Ok, here's my failure report:
I can't get more than two nodes working in the cluster. With just a
master and a slave, everything seems to go smoothly. However, if I add
a third datanode (being the master itself, also a datanode) I keep
getting this error while running the wordcount example, which I'm
using to test the setup:
09/07/20 12:51:45 INFO mapred.JobClient: map 100% reduce 17%
09/07/20 12:51:47 INFO mapred.JobClient: Task Id :
attempt_200907201251_0001_m_000004_0, Status : FAILED
Too many fetch-failures
09/07/20 12:51:48 WARN mapred.JobClient: Error reading task outputNo
route to host
While the mapping completes, the reduce task gets stuck at around 16%
every time. I have googled the error message and read some responses
from this list and other related forums, and it seems to be a firewall
issue or something about ports not being opened; yet, this is not my
case: firewall has been disabled on every node and connection between
them (to and from) seems to be fine.
Here's my /etc/hosts files for each node:
(master)
127.0.0.1 localhost
127.0.1.1 mauroN-Linux
192.168.200.20 hadoop-master
192.168.200.90 hadoop-slave00
192.168.200.162 hadoop-slave01
(slave00)
127.0.0.1 localhost
127.0.1.1 tagore
192.168.200.20 hadoop-master
192.168.200.90 hadoop-slave00
192.168.200.162 hadoop-slave01
(slave01)
127.0.0.1 localhost
127.0.1.1 orco.3kh.net orco localhost.localdomain
192.168.200.20 hadoop-master
192.168.200.90 hadoop-slave00
192.168.200.162 hadoop-slave01
And .xml conf files, which are the same for each node (just relevant lines):
(core-site.xml)
<name>hadoop.tmp.dir</name>
<value>/usr/local/hadoop/hadoop-datastore/hadoop-${user.name}</value>
<name>fs.default.name</name>
<value>hdfs://hadoop-master:54310/</value>
<final>true</final>
(mapred-site.xml)
<name>mapred.job.tracker</name>
<value>hdfs://hadoop-master:54311/</value>
<final>true</final>
<name>mapred.map.tasks</name>
<value>31</value>
<name>mapred.reduce.tasks</name>
<value>6</value>
(hdfs-site.xml)
<name>dfs.replication</name>
<value>3</value>
I noticed that if I reduce the number of mapred.reduce.tasks to 2 or
3, the error does not pop up, but it takes quite a long time to finish
(more than the time it takes for a single machine to finish it). I
have blacklisted ipv6 and enabled ip_forward in every node (sudo echo
1 > /proc/sys/net/ipv4/ip_forward). Should anyone need some info from
the datanodes logs, I could post it. I'm running out of ideas... and
in need of enlightenment.
On Thu, Jul 16, 2009 at 9:39 AM, nfantone<[email protected]> wrote:
> I really appreciate all your suggestions, but from where I am and
> considering the place I work at (a rather small office in Argentina)

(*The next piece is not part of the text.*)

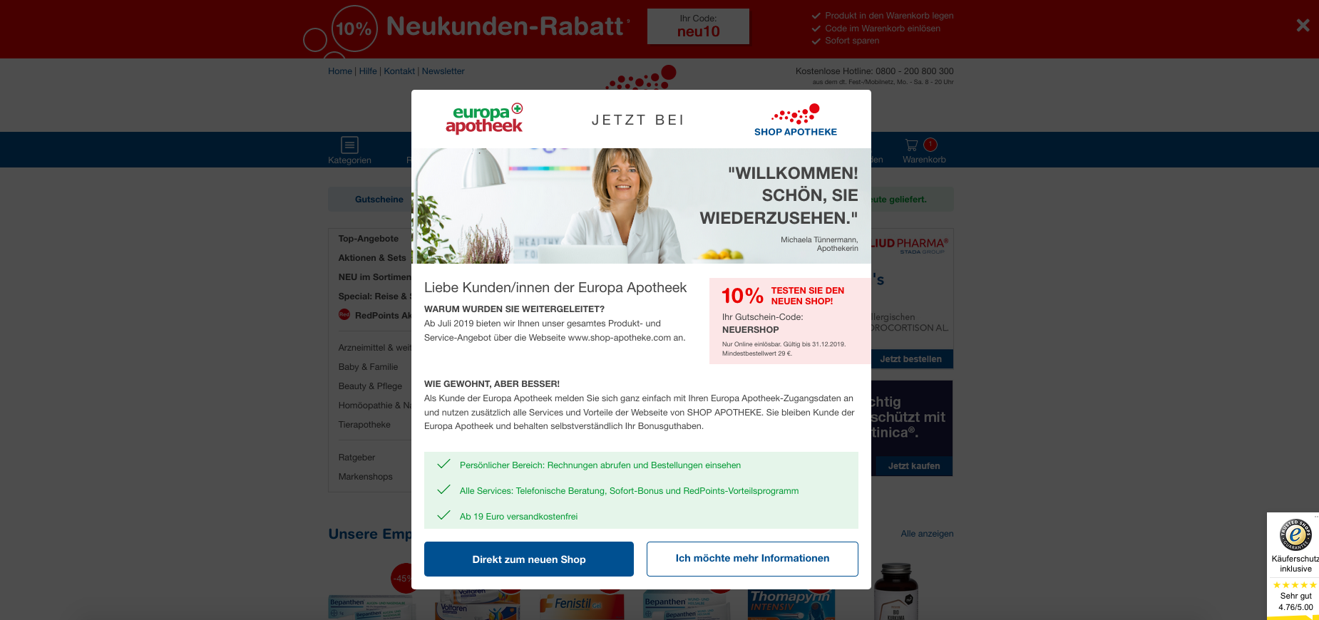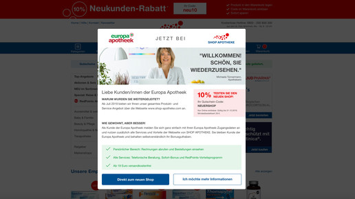 Wer die Adresse der Europa Apotheek ansteuert, landet seit Juli direkt bei der Shop-Apotheke. Dort heißt es: „Wie gewohnt, aber besser!“ Apothekerin Michaela Tünnermann begrüßt die Kunden mit: „Willkommen! Schön, Sie wiederzusehen.“ Die Kunden sollten sich auf ein „ganz neues Online-Einkaufserlebnis“ freuen, erklärt der Versender. „Der Webshop von Shop-Apotheke präsentiert sich modern und übersichtlich und lässt sich besonders einfach bedienen.“ Der EAV-Katalog, das Bonussystem und die Ansprechpartner blieben bestehen.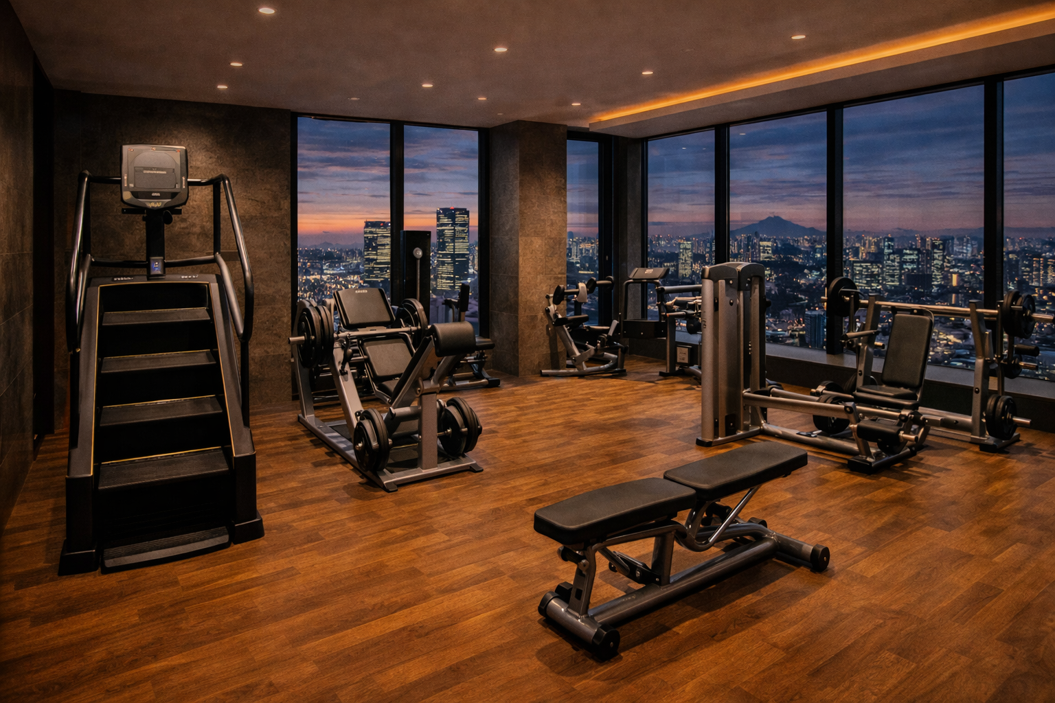 최신 프리미엄 운동 장비와 탁 트인 도심 전망을 동시에 즐길 수 있는 피트니스 센터입니다. 전문적인 트레이닝 환경과 세련된 공간에서 건강하고 활기찬 하루를 시작해보세요.

> these things aren't that affordable (monetarily and bureaucratically
> speaking). That being said, I managed to get my hands around some more
> equipment and I may be able to set up a small cluster of three or four
> nodes - all running in a local network with Ubuntu. What I should
> learn now is exactly how to configure all that is needed in order to
> create it, as I have virtually no idea, nor experience in this kind of
> tasks. Luckily, goggling led me to some tutorials and documentation on
> the subject. I'll be following this guide for now:
>
> http://www.michael-noll.com/wiki/Running_Hadoop_On_Ubuntu_Linux_(Multi-Node_Cluster)
>
> I'll let know what comes out this (surely, something on the messy side
> of things). Any more suggestions/ideas are more than welcome. Many
> thanks, again.
>